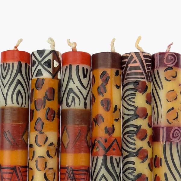 Fairtrade Künstlerkerze aus der südafrikanischen Manufaktur von KAPULA CANDLES. Jede handbemalte Kerze ist ein kleines Unikat, liebevoll und mit vielen Details gearbeitet, in Schutzfolie verpackt. Maß:2,2x12cmMaterial: hochwertiges ParaffinwachsBrenndauer: ca. 6 StundenDesign/ Farbe: vielfältige Designs, inspiriert von der afrikanischen Tierwelt , gelieferte Artikel können von der Abbildung abweichenSicherheits- und Pflegehinweis: Brennende Kerzen niemals in der Nähe von leicht entflammbaren Gegenständen aufstellen. Zugluft vermeiden, nicht unbeobachtet brennen lassen, nicht in Reichweite von Kindern und Tieren aufstellen. Kerze senkrecht und sicher aufstellen.Docht regelmäßig einkürzen (ca. 10-15mm) um ein Rußen zu vermeiden.
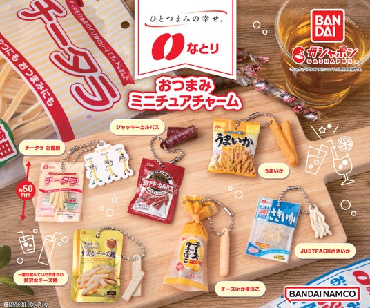 株式会社なとり(本社:東京都北区、会長兼社長:名取三郎)の主要商品をミニチュアにした「なとり おつまみミニチュアチャーム」が、株式会社バンダイ(本社:東京都台東区、社長:竹中 一博)が展開する「ガシャポン(R)」 (※1)に初登場します。2024年9月第2週より順次、全国の「ガシャポン(R)バンダイオフィシャルショップ」をはじめ、玩具売り場、量販店、家電店などに設置されたガシャポン自販機シリーズにて発売されます。
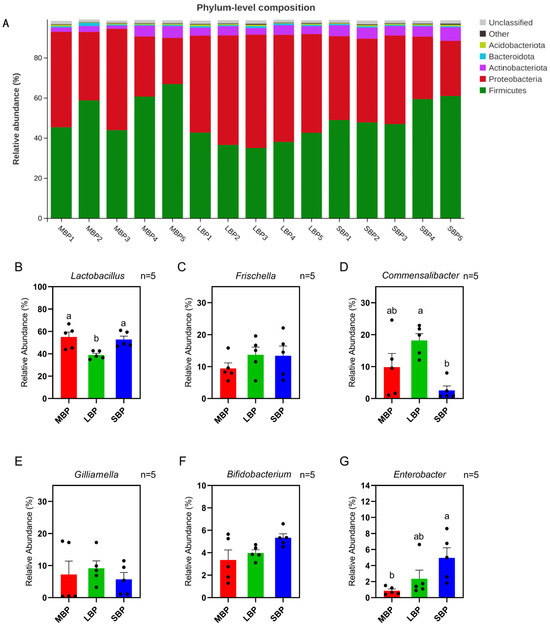 Comparison of major phyla and genera. (A) Relative abundances of the five most abundant bacterial phyla in all samples. (B–G) Comparison of the relative abundances of the genera. (B) Lactobacillus. (C) Frischella. (D) Commensalibacter. (E) Gilliamella. (F) Bifidobacterium. (G) Enterobacter. Data are presented as mean ± SEM (n = 5) of three independent experiments. Different letters above the bars indicate significant differences between two groups (p < 0.05), as determined by one-way ANOVA with Tukey’s multiple comparison test.

____

Would you set down the listing exactly, omitting pictures?

PROBLEM SOLUTION
 Fairtrade Künstlerkerze aus der südafrikanischen Manufaktur von KAPULA CANDLES. Jede handbemalte Kerze ist ein kleines Unikat, liebevoll und mit vielen Details gearbeitet, in Schutzfolie verpackt. Maß:2,2x12cmMaterial: hochwertiges ParaffinwachsBrenndauer: ca. 6 StundenDesign/ Farbe: vielfältige Designs, inspiriert von der afrikanischen Tierwelt , gelieferte Artikel können von der Abbildung abweichenSicherheits- und Pflegehinweis: Brennende Kerzen niemals in der Nähe von leicht entflammbaren Gegenständen aufstellen. Zugluft vermeiden, nicht unbeobachtet brennen lassen, nicht in Reichweite von Kindern und Tieren aufstellen. Kerze senkrecht und sicher aufstellen.Docht regelmäßig einkürzen (ca. 10-15mm) um ein Rußen zu vermeiden.
 株式会社なとり(本社:東京都北区、会長兼社長:名取三郎)の主要商品をミニチュアにした「なとり おつまみミニチュアチャーム」が、株式会社バンダイ(本社:東京都台東区、社長:竹中 一博)が展開する「ガシャポン(R)」 (※1)に初登場します。2024年9月第2週より順次、全国の「ガシャポン(R)バンダイオフィシャルショップ」をはじめ、玩具売り場、量販店、家電店などに設置されたガシャポン自販機シリーズにて発売されます。
 Comparison of major phyla and genera. (A) Relative abundances of the five most abundant bacterial phyla in all samples. (B–G) Comparison of the relative abundances of the genera. (B) Lactobacillus. (C) Frischella. (D) Commensalibacter. (E) Gilliamella. (F) Bifidobacterium. (G) Enterobacter. Data are presented as mean ± SEM (n = 5) of three independent experiments. Different letters above the bars indicate significant differences between two groups (p < 0.05), as determined by one-way ANOVA with Tukey’s multiple comparison test.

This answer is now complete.